**TASK TO CARRY OUT**
Transcribe the listing below exactly, leaving out each image.

**RAW DATA**
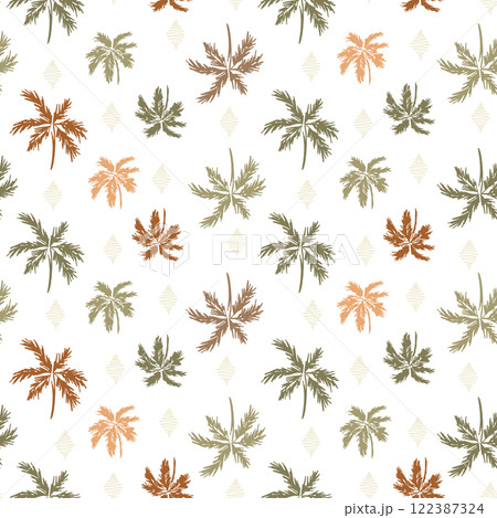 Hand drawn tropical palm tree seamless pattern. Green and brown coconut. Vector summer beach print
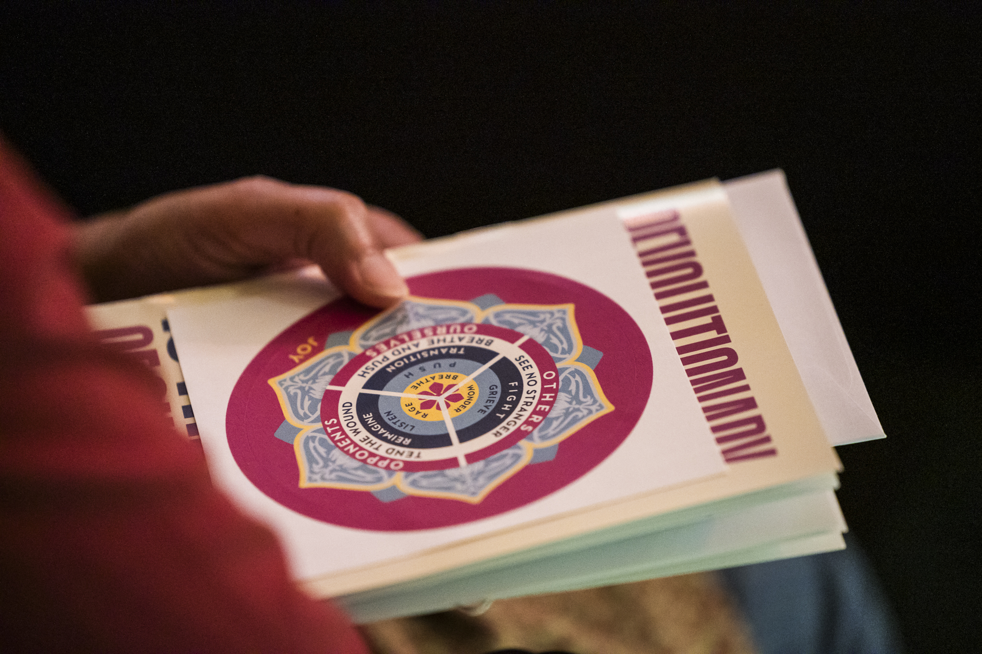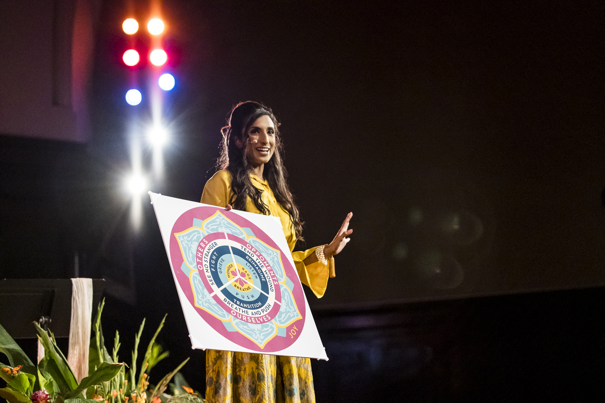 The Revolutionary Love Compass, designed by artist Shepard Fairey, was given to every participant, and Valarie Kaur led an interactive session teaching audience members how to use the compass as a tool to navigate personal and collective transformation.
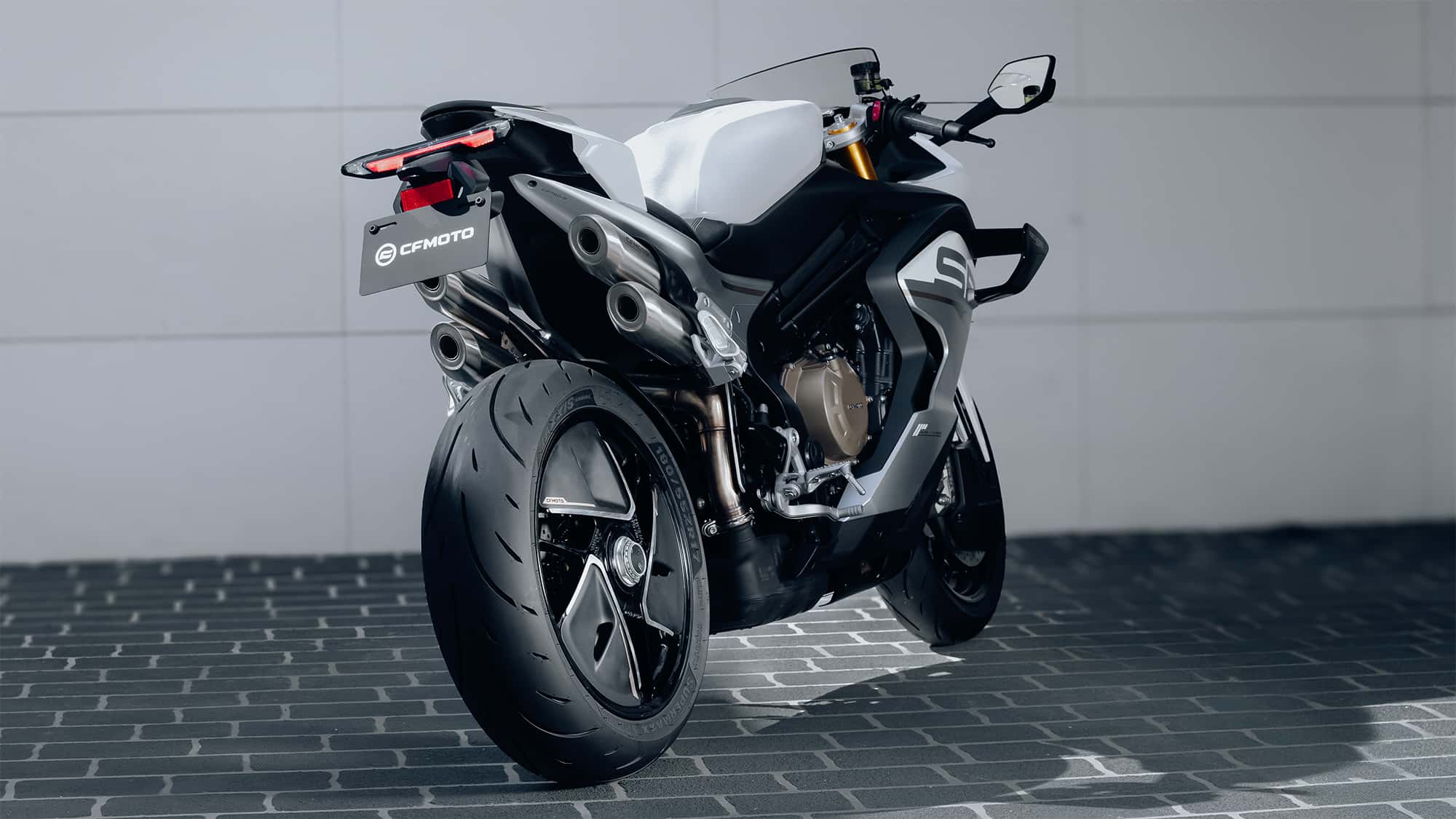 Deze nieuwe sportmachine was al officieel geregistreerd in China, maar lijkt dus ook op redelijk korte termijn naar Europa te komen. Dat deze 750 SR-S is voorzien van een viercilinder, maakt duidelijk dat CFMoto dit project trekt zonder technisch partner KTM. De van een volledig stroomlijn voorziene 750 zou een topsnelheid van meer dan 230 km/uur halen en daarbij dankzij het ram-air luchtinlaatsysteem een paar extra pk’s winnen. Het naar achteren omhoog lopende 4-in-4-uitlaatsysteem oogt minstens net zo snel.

**SOLUTION FOR THIS PROBLEM**
 Hand drawn tropical palm tree seamless pattern. Green and brown coconut. Vector summer beach print
 The Revolutionary Love Compass, designed by artist Shepard Fairey, was given to every participant, and Valarie Kaur led an interactive session teaching audience members how to use the compass as a tool to navigate personal and collective transformation.
 Deze nieuwe sportmachine was al officieel geregistreerd in China, maar lijkt dus ook op redelijk korte termijn naar Europa te komen. Dat deze 750 SR-S is voorzien van een viercilinder, maakt duidelijk dat CFMoto dit project trekt zonder technisch partner KTM. De van een volledig stroomlijn voorziene 750 zou een topsnelheid van meer dan 230 km/uur halen en daarbij dankzij het ram-air luchtinlaatsysteem een paar extra pk’s winnen. Het naar achteren omhoog lopende 4-in-4-uitlaatsysteem oogt minstens net zo snel.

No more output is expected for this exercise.